- [Your task]
Quote the records that follow in full, leaving the pictures out.

- [Data excerpts]
*** Begin section ***
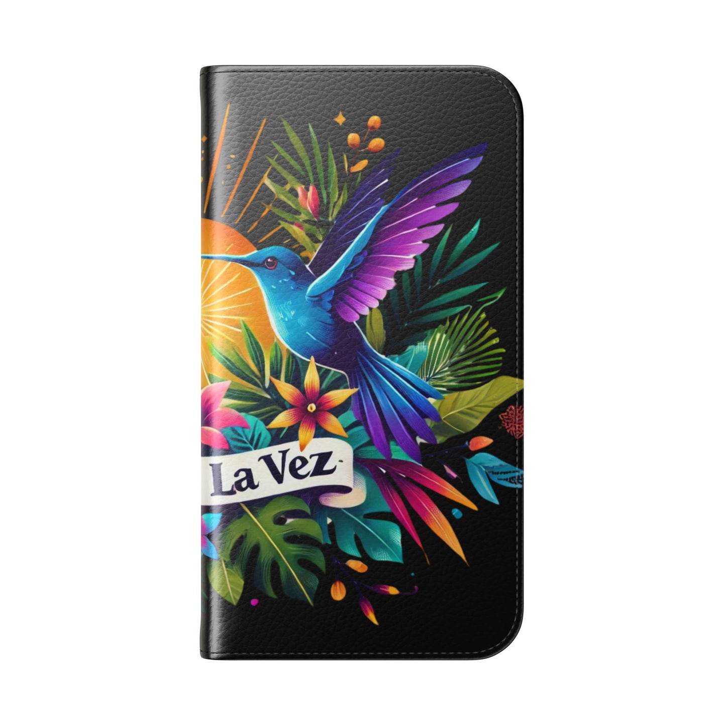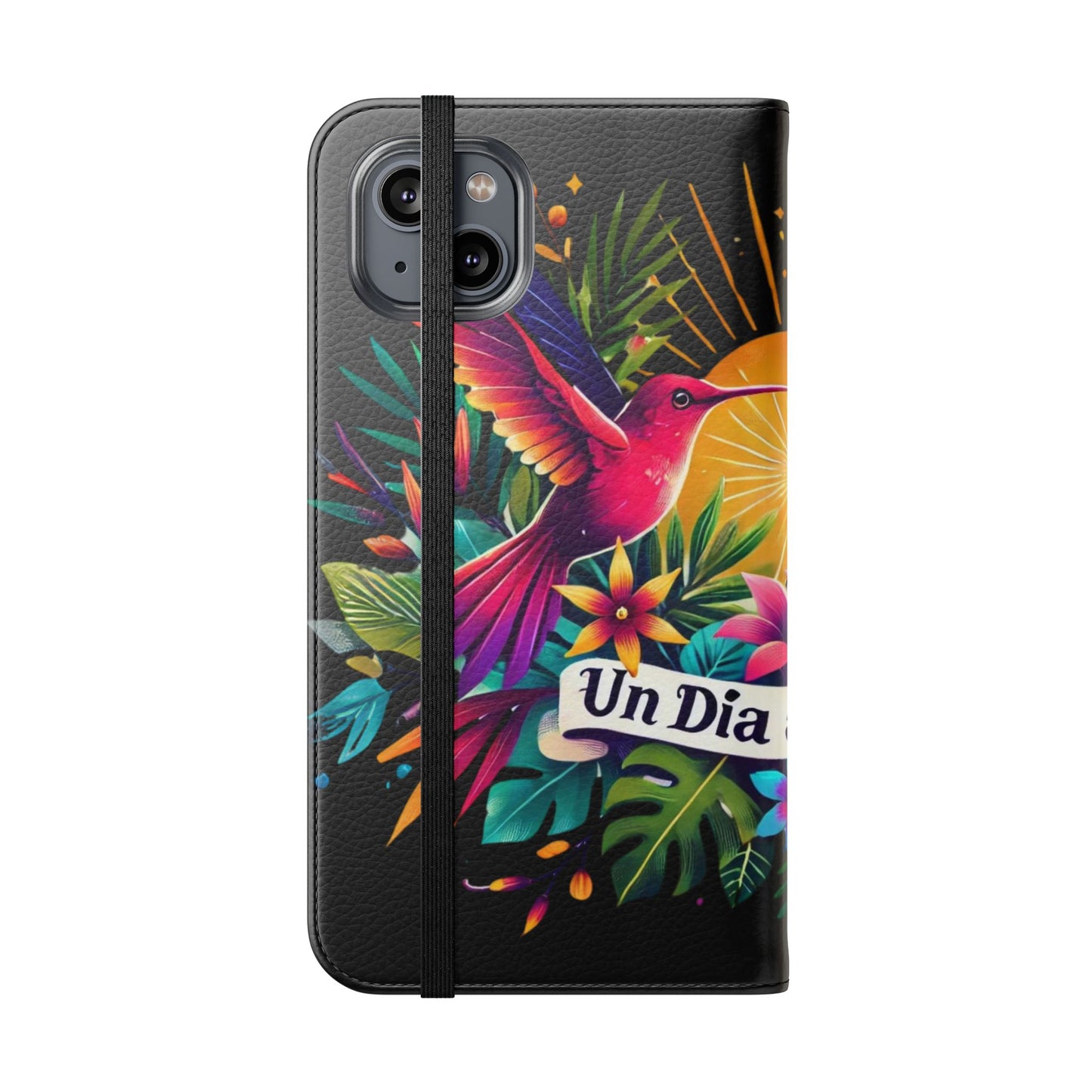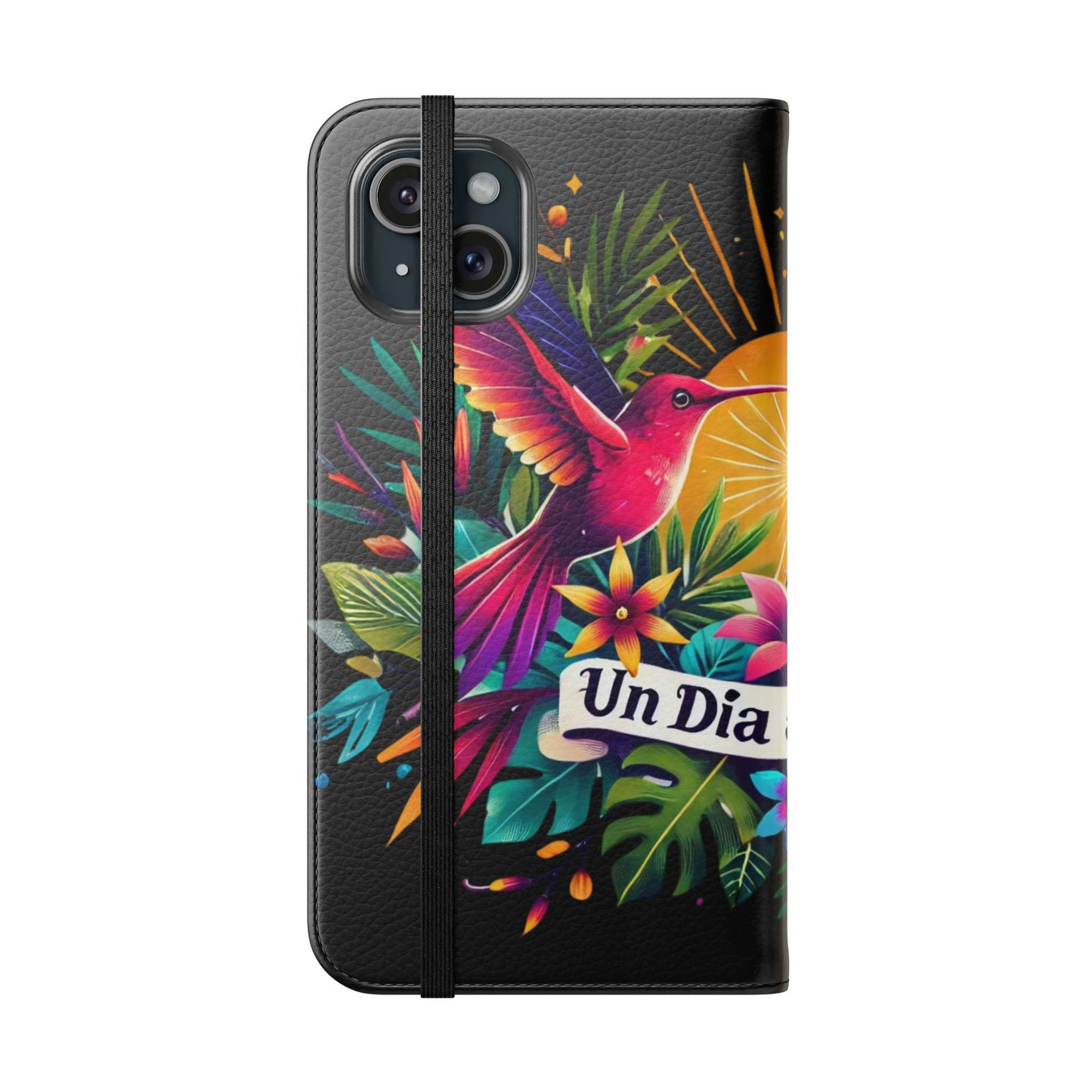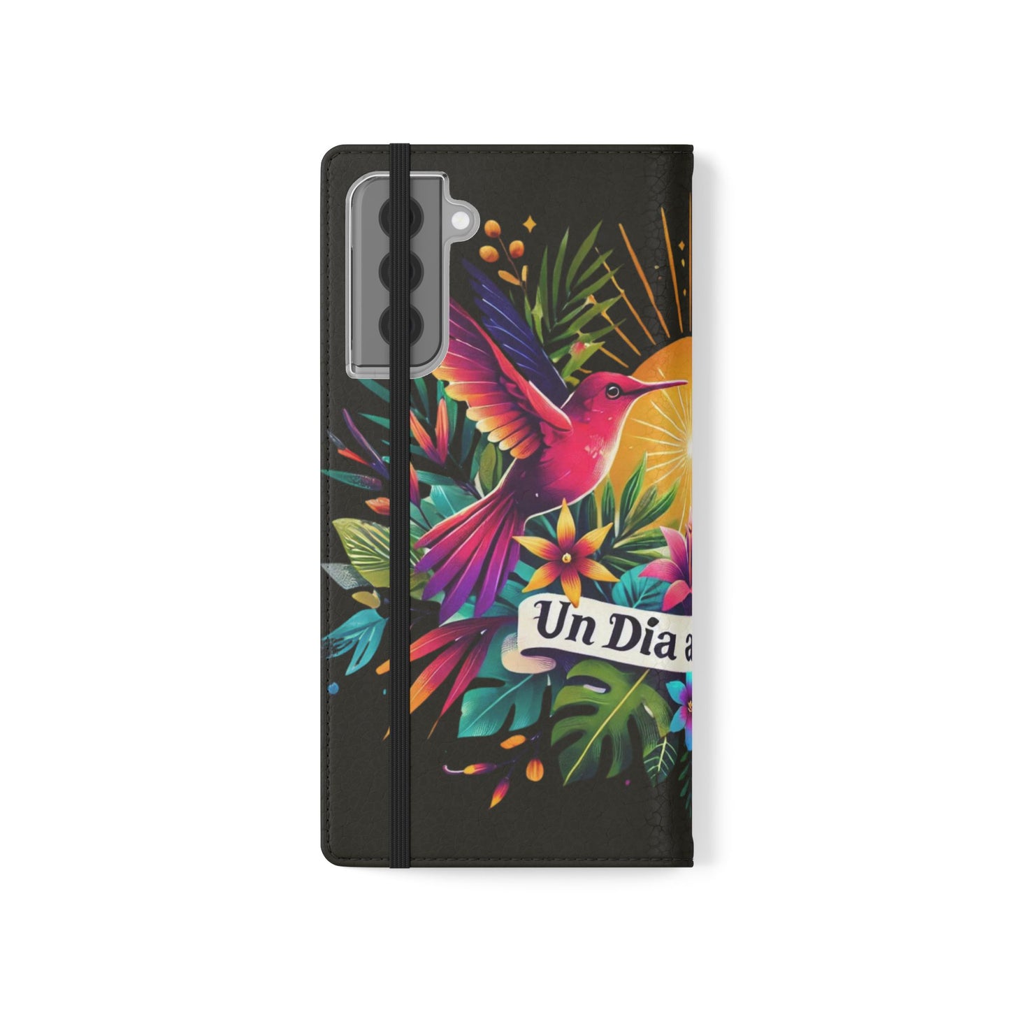 Carry inspiration and protection wherever you go with the "Un Día a La Vez" Vibrant Midnight Flip Case. Featuring a dazzling design of radiant hummingbirds, lush florals, and a glowing sunrise against a bold black backdrop, this case is as stunning as it is functional. With vibrant colors, sturdy faux leather, and built-in features for convenience, it’s the perfect blend of style and practicality for your phone. 🌺✨
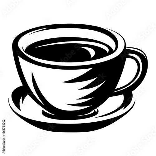 Stylized black and white cup of coffee on saucer illustration
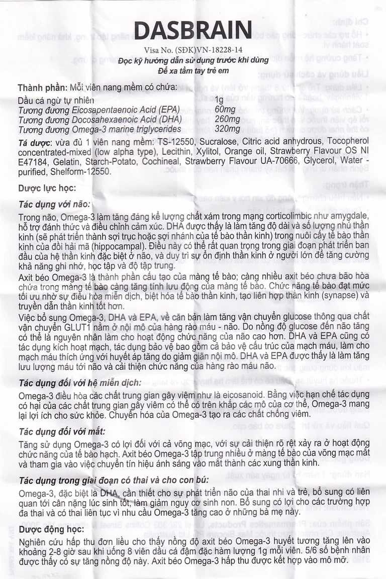 Bổ sung liều ngay khi nhớ ra. Tuy nhiên, nếu thời gian giãn cách với liều tiếp theo quá ngắn thì bỏ qua liều đã quên và tiếp tục lịch dùng thuốc Dasbrain. Không dùng liều gấp đôi để bù cho liều đã bị bỏ lỡ.
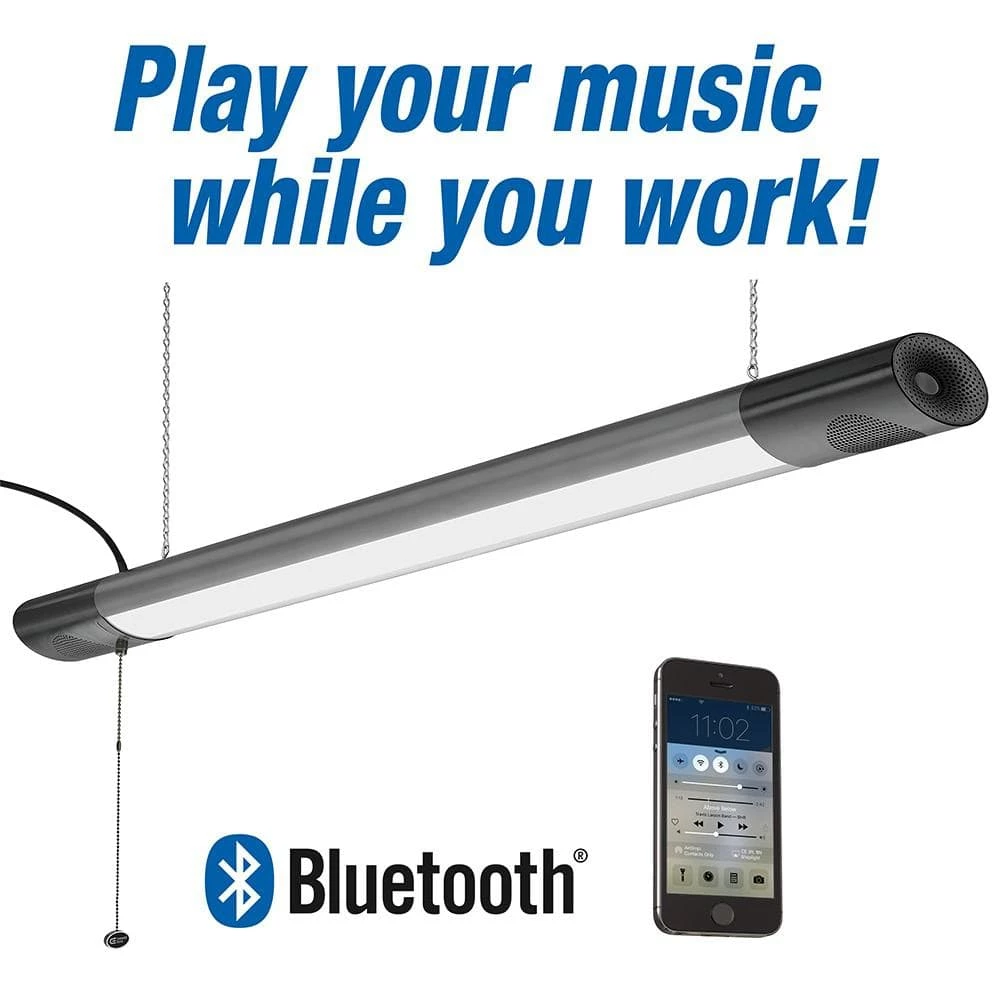 Commercial Electric 42in. Plug-in LED Shop Light with Bluetooth Speakers is designed to wirelessly connect to your smartphone to play your music or podcasts and still continues to provide crystal clear light output. You can activate audio from up to 33ft. and the speakers do not require any batteries or charging. Enable Bluetooth on your smart device using Commercial Electric’s app. To turn on just the light, there is a pull-chain for an easy grab. It is lightweight, easy to install and maintenance free with no bulbs to replace. Ideal for work shop, garage, basement, shed, small warehouse or entertainment room.
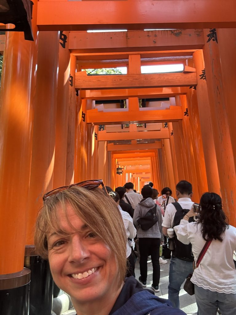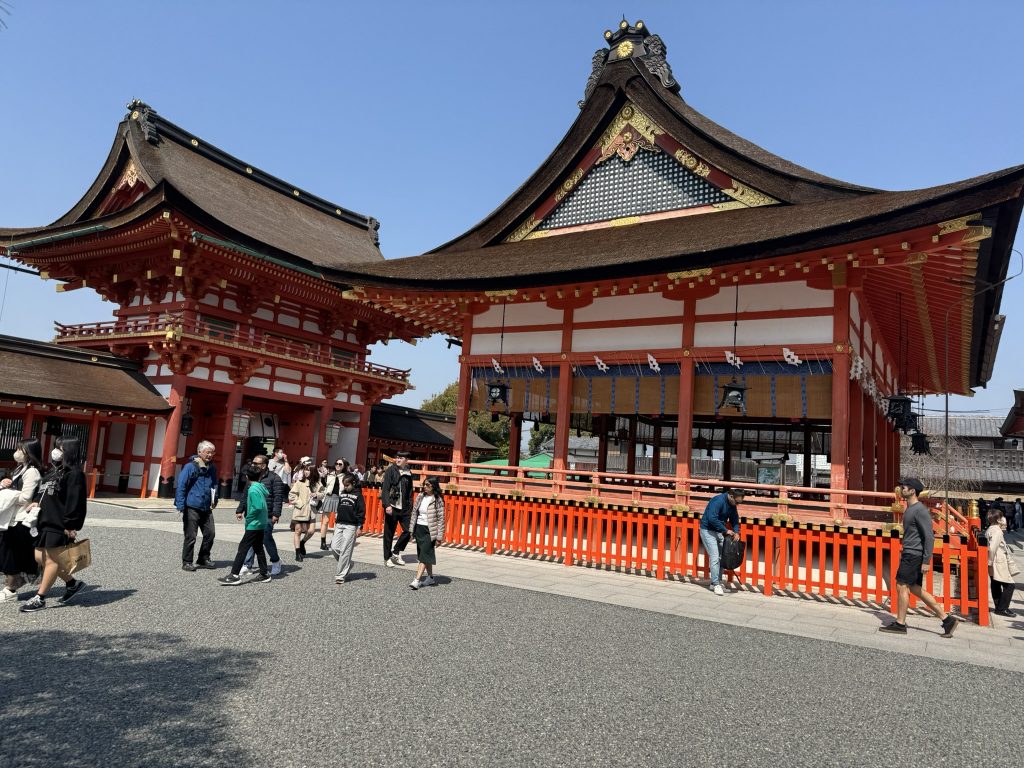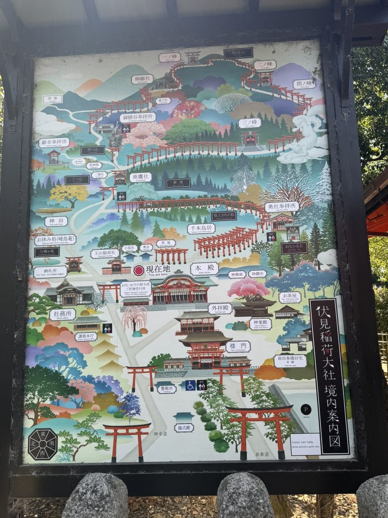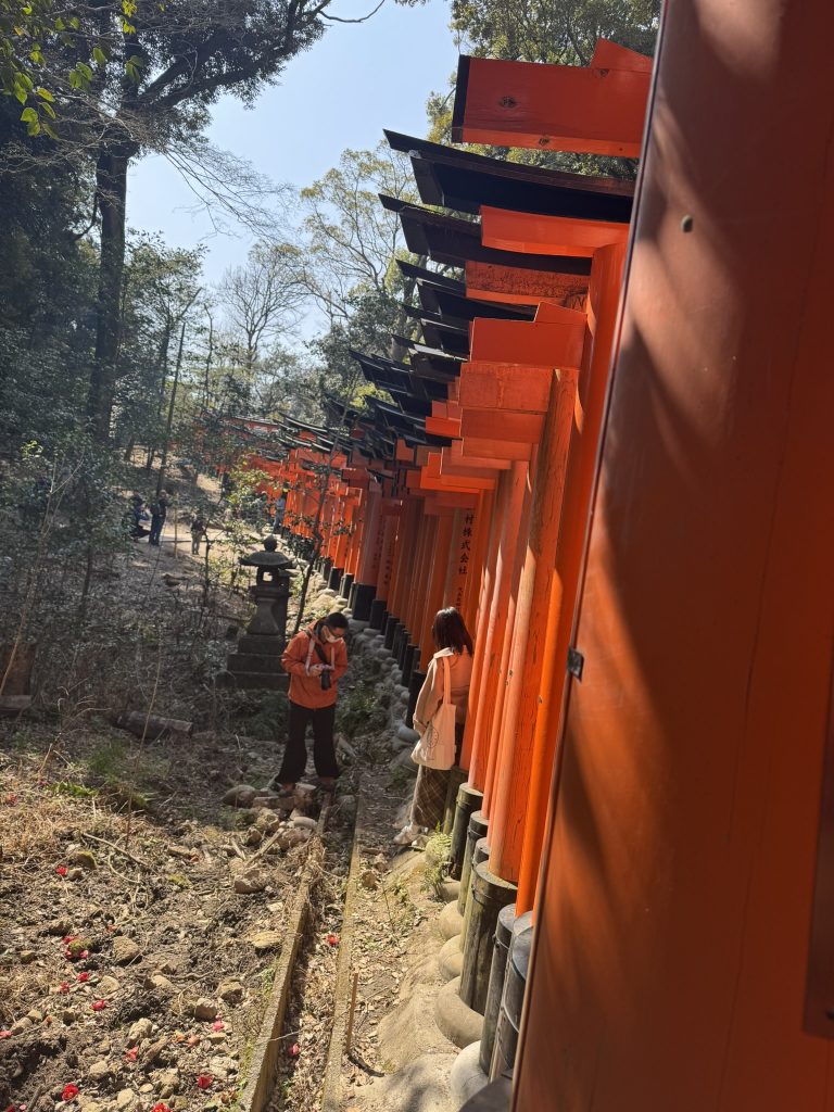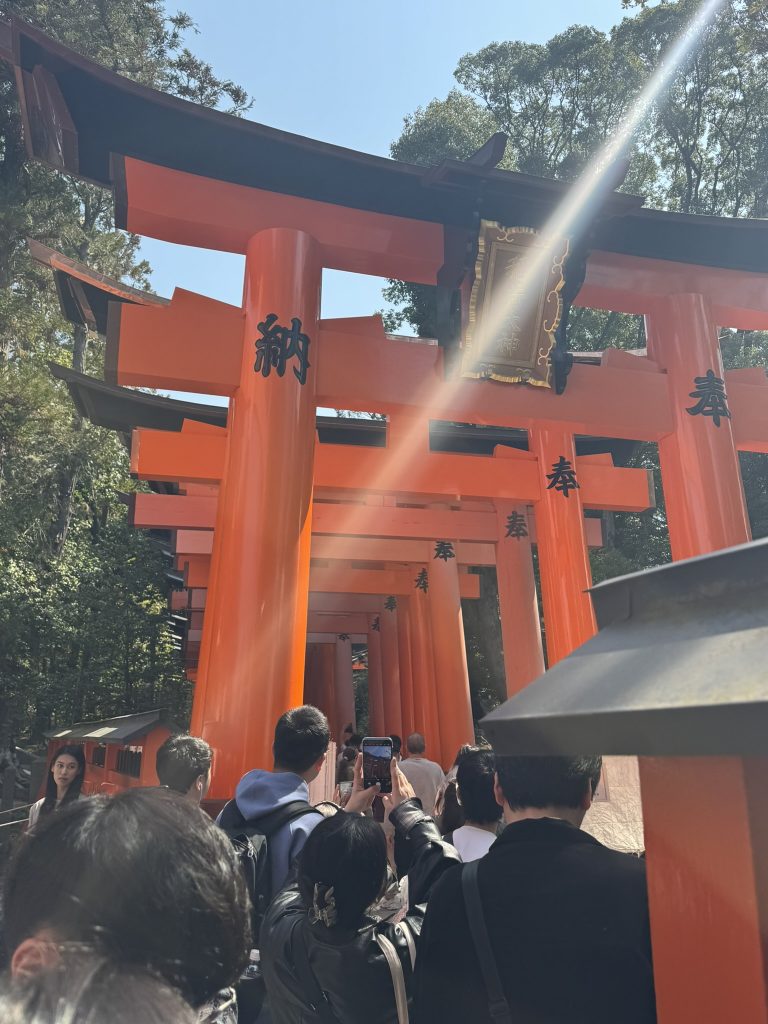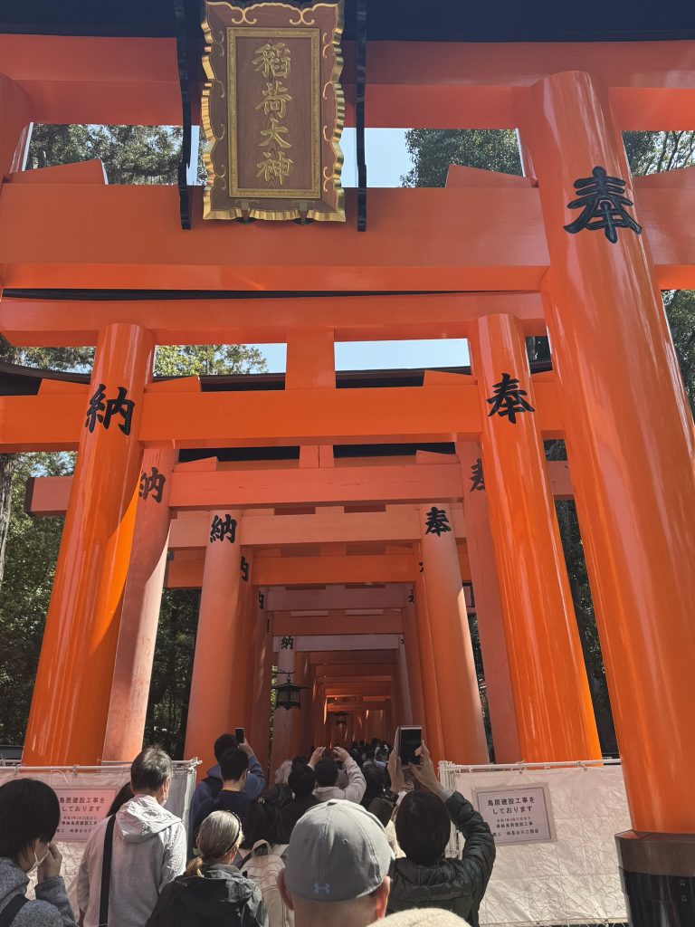 The shrine itself? Unreal. Thousands of red torii gates winding up the mountain, guarded by fox statues. It’s serene, breathtaking — and a leg workout that would make a personal trainer cry. Worth every step.
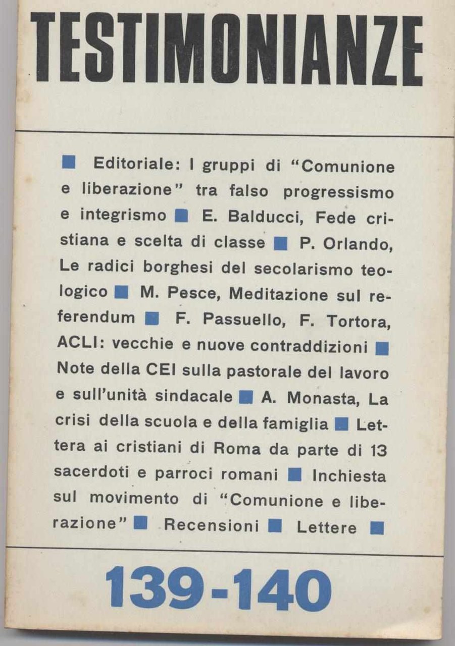 Testimonianze - n. 139-140 Novembre-Dicembre 1971 (Rivista religiosa a carattere politico-sociale)
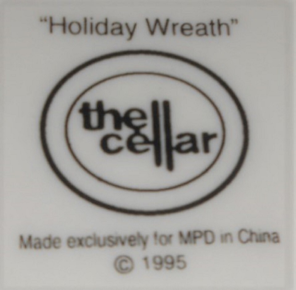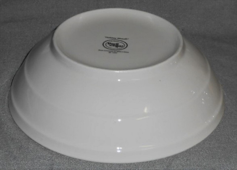 This is the 9 3/8" Serving or Vegetable Bowl from The Cellar in the Holiday Wreath Pattern - circa 1995. It is in good pre-owned condition with no chips or cracks - has a few utensil marks present. .
*** End section ***
- [Task answer]
 Carry inspiration and protection wherever you go with the "Un Día a La Vez" Vibrant Midnight Flip Case. Featuring a dazzling design of radiant hummingbirds, lush florals, and a glowing sunrise against a bold black backdrop, this case is as stunning as it is functional. With vibrant colors, sturdy faux leather, and built-in features for convenience, it’s the perfect blend of style and practicality for your phone. 🌺✨
 Stylized black and white cup of coffee on saucer illustration
 Bổ sung liều ngay khi nhớ ra. Tuy nhiên, nếu thời gian giãn cách với liều tiếp theo quá ngắn thì bỏ qua liều đã quên và tiếp tục lịch dùng thuốc Dasbrain. Không dùng liều gấp đôi để bù cho liều đã bị bỏ lỡ.
 Commercial Electric 42in. Plug-in LED Shop Light with Bluetooth Speakers is designed to wirelessly connect to your smartphone to play your music or podcasts and still continues to provide crystal clear light output. You can activate audio from up to 33ft. and the speakers do not require any batteries or charging. Enable Bluetooth on your smart device using Commercial Electric’s app. To turn on just the light, there is a pull-chain for an easy grab. It is lightweight, easy to install and maintenance free with no bulbs to replace. Ideal for work shop, garage, basement, shed, small warehouse or entertainment room.
 The shrine itself? Unreal. Thousands of red torii gates winding up the mountain, guarded by fox statues. It’s serene, breathtaking — and a leg workout that would make a personal trainer cry. Worth every step.
 Testimonianze - n. 139-140 Novembre-Dicembre 1971 (Rivista religiosa a carattere politico-sociale)
 This is the 9 3/8" Serving or Vegetable Bowl from The Cellar in the Holiday Wreath Pattern - circa 1995. It is in good pre-owned condition with no chips or cracks - has a few utensil marks present. .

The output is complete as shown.